Take the line that contains "Like new move" and all lines after it, up to and including the last line of the data, and write them out exactly; nothing else belongs in the answer.

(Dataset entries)
□ □ □

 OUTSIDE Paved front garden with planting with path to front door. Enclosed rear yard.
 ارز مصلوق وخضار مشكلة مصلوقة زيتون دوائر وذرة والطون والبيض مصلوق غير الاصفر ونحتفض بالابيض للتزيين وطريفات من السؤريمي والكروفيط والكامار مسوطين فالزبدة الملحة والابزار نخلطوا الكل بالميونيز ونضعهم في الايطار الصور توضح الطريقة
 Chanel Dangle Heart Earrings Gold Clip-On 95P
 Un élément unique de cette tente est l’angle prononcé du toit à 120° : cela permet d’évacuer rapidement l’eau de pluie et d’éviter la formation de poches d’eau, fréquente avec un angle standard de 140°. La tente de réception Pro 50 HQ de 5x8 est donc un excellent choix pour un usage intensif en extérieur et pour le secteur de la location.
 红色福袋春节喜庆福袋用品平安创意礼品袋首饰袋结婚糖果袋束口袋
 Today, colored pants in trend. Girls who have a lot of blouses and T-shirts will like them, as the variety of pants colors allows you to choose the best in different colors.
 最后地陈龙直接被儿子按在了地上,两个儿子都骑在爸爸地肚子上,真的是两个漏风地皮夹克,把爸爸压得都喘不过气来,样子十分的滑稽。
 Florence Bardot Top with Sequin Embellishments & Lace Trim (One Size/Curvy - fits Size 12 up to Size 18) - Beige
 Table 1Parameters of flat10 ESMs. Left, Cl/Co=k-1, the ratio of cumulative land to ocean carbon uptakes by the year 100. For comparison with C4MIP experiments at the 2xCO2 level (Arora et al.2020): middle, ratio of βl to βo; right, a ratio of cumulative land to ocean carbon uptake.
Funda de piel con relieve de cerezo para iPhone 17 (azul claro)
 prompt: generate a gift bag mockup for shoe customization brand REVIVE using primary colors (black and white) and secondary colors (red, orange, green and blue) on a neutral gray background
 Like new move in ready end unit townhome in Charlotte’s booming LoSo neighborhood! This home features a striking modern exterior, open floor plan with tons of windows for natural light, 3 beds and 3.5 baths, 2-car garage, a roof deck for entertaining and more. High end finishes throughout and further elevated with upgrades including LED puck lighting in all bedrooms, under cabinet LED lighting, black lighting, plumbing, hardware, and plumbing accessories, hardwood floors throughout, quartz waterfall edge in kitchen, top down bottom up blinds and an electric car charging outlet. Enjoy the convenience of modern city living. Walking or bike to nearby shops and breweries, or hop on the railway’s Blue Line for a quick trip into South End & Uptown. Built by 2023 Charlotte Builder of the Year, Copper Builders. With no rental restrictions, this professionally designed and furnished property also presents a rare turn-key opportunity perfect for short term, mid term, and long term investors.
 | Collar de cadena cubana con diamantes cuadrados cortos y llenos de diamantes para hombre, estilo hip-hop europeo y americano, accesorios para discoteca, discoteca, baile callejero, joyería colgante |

□ □ □

● Finished exercise:
 Like new move in ready end unit townhome in Charlotte’s booming LoSo neighborhood! This home features a striking modern exterior, open floor plan with tons of windows for natural light, 3 beds and 3.5 baths, 2-car garage, a roof deck for entertaining and more. High end finishes throughout and further elevated with upgrades including LED puck lighting in all bedrooms, under cabinet LED lighting, black lighting, plumbing, hardware, and plumbing accessories, hardwood floors throughout, quartz waterfall edge in kitchen, top down bottom up blinds and an electric car charging outlet. Enjoy the convenience of modern city living. Walking or bike to nearby shops and breweries, or hop on the railway’s Blue Line for a quick trip into South End & Uptown. Built by 2023 Charlotte Builder of the Year, Copper Builders. With no rental restrictions, this professionally designed and furnished property also presents a rare turn-key opportunity perfect for short term, mid term, and long term investors.
 | Collar de cadena cubana con diamantes cuadrados cortos y llenos de diamantes para hombre, estilo hip-hop europeo y americano, accesorios para discoteca, discoteca, baile callejero, joyería colgante |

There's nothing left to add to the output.